> [About this task]:
Your task is to transcribe the data exactly while omitting each picture.

(Entries taken from a collection)
☆ ☆ ☆ ☆ ☆ ☆ ☆
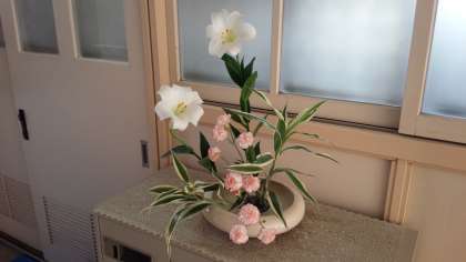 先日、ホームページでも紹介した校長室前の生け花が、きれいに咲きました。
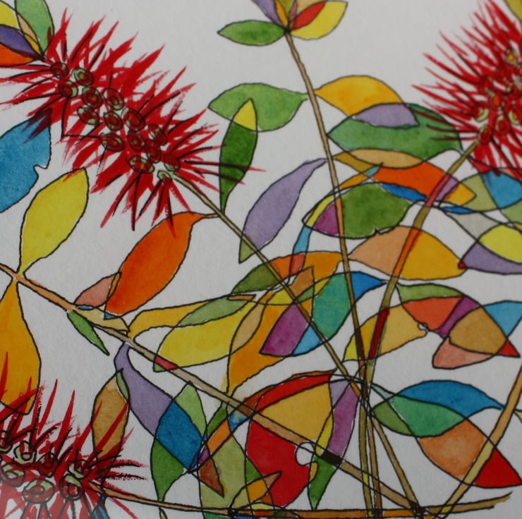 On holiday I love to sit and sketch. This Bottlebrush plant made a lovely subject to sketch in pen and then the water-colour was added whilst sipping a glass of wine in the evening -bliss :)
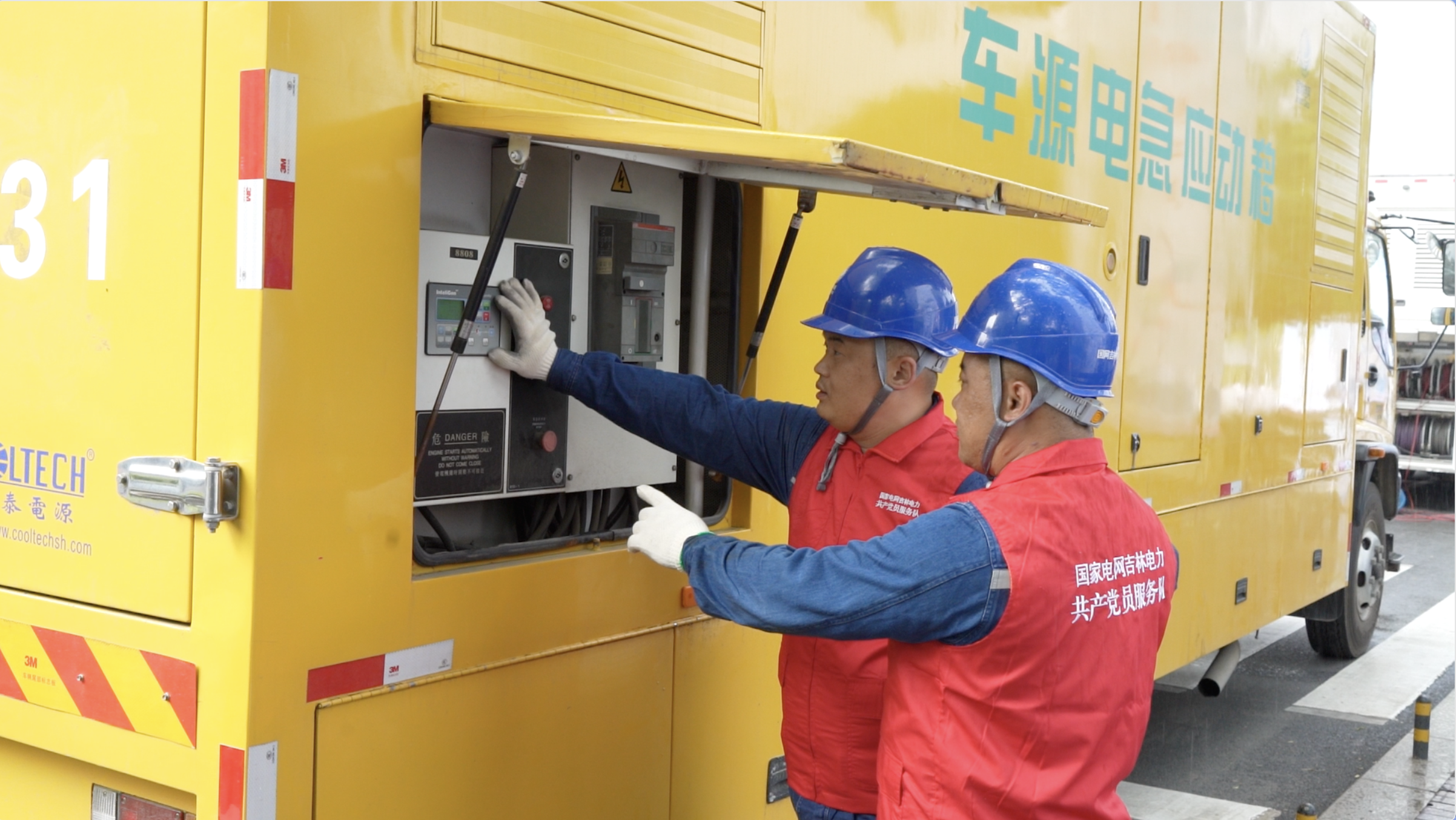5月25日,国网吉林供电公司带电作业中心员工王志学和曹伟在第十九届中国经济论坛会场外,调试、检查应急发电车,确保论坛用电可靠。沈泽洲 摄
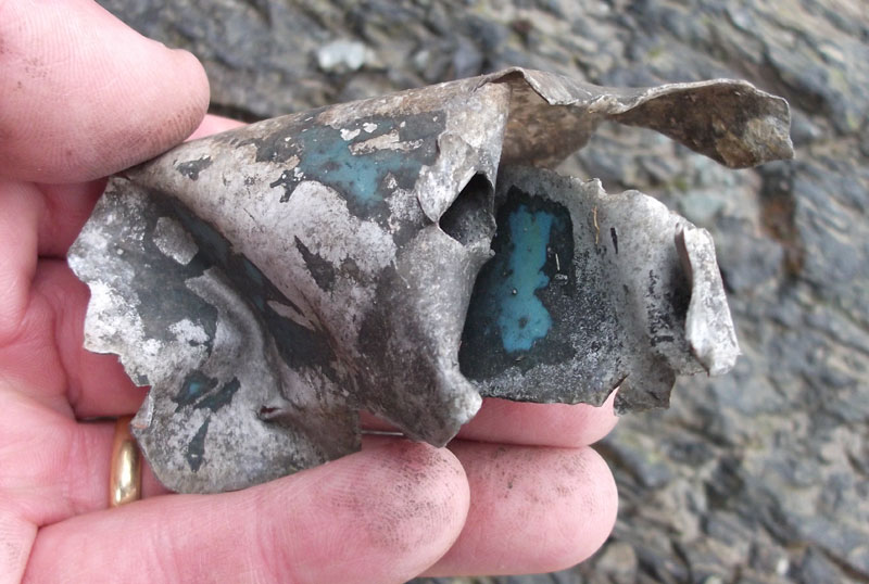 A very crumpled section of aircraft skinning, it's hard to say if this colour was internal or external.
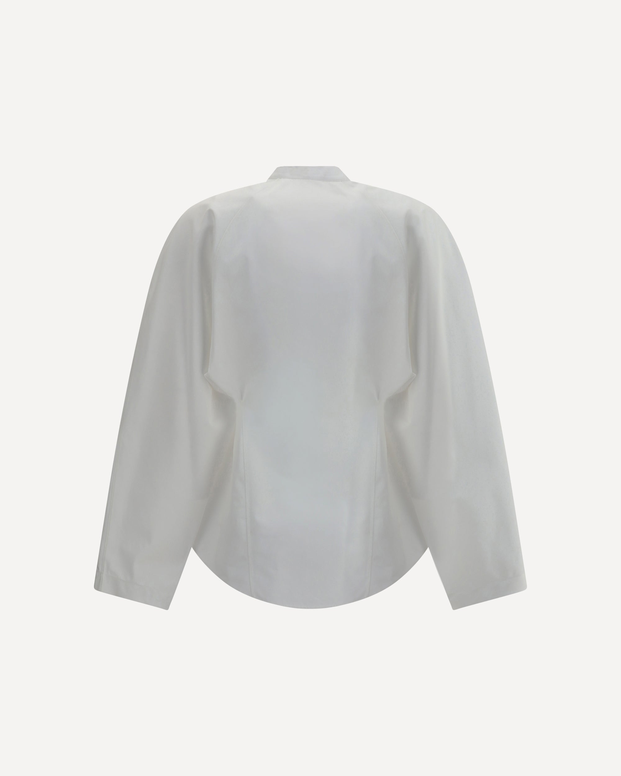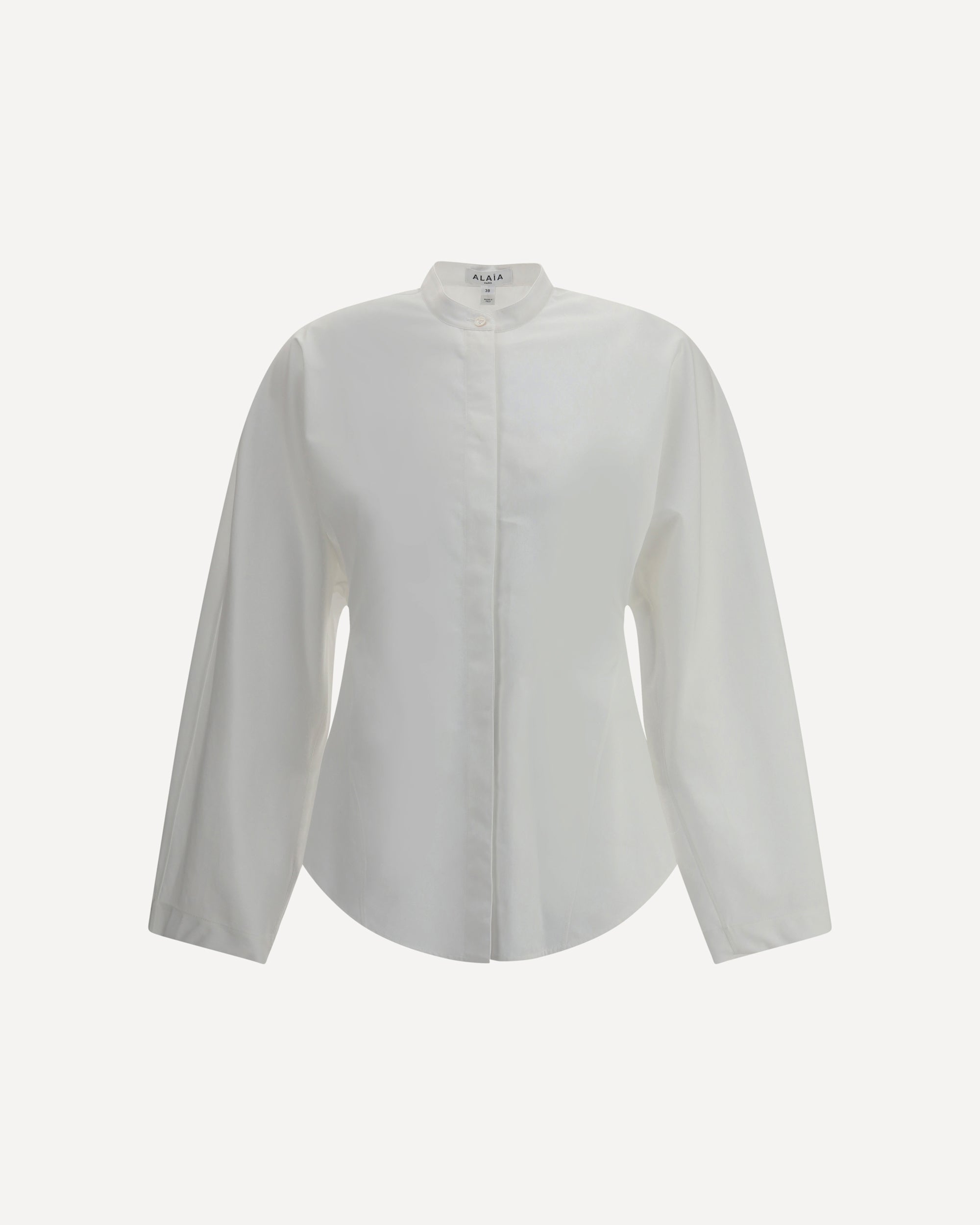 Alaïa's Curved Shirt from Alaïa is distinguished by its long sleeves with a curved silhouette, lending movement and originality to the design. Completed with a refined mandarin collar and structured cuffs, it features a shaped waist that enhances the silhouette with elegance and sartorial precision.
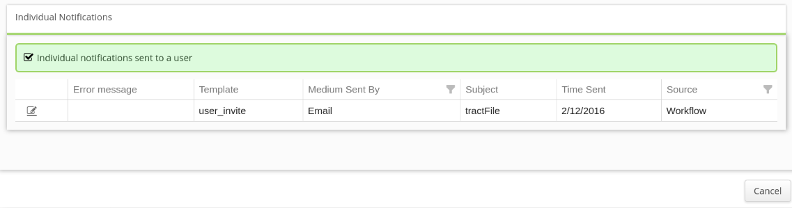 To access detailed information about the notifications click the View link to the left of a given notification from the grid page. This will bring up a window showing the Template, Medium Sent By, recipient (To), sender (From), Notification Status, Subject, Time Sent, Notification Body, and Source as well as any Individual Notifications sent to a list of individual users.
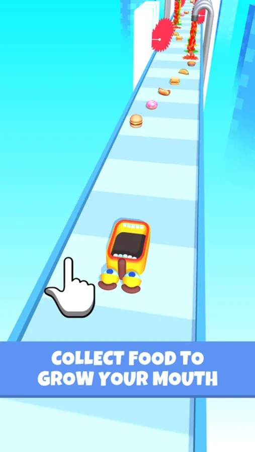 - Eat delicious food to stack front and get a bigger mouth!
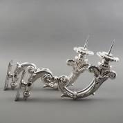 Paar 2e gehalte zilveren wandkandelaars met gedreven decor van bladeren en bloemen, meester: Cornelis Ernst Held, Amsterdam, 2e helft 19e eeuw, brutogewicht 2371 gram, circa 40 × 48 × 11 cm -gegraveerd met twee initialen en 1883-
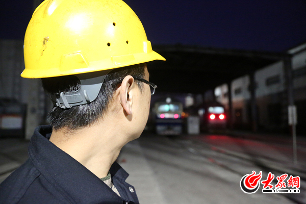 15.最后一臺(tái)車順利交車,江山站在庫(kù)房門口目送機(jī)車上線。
☆ ☆ ☆ ☆ ☆ ☆ ☆
> [Final answer]:
 先日、ホームページでも紹介した校長室前の生け花が、きれいに咲きました。
 On holiday I love to sit and sketch. This Bottlebrush plant made a lovely subject to sketch in pen and then the water-colour was added whilst sipping a glass of wine in the evening -bliss :)
5月25日,国网吉林供电公司带电作业中心员工王志学和曹伟在第十九届中国经济论坛会场外,调试、检查应急发电车,确保论坛用电可靠。沈泽洲 摄
 A very crumpled section of aircraft skinning, it's hard to say if this colour was internal or external.
 Alaïa's Curved Shirt from Alaïa is distinguished by its long sleeves with a curved silhouette, lending movement and originality to the design. Completed with a refined mandarin collar and structured cuffs, it features a shaped waist that enhances the silhouette with elegance and sartorial precision.
 To access detailed information about the notifications click the View link to the left of a given notification from the grid page. This will bring up a window showing the Template, Medium Sent By, recipient (To), sender (From), Notification Status, Subject, Time Sent, Notification Body, and Source as well as any Individual Notifications sent to a list of individual users.
 - Eat delicious food to stack front and get a bigger mouth!
 Paar 2e gehalte zilveren wandkandelaars met gedreven decor van bladeren en bloemen, meester: Cornelis Ernst Held, Amsterdam, 2e helft 19e eeuw, brutogewicht 2371 gram, circa 40 × 48 × 11 cm -gegraveerd met twee initialen en 1883-
 15.最后一臺(tái)車順利交車,江山站在庫(kù)房門口目送機(jī)車上線。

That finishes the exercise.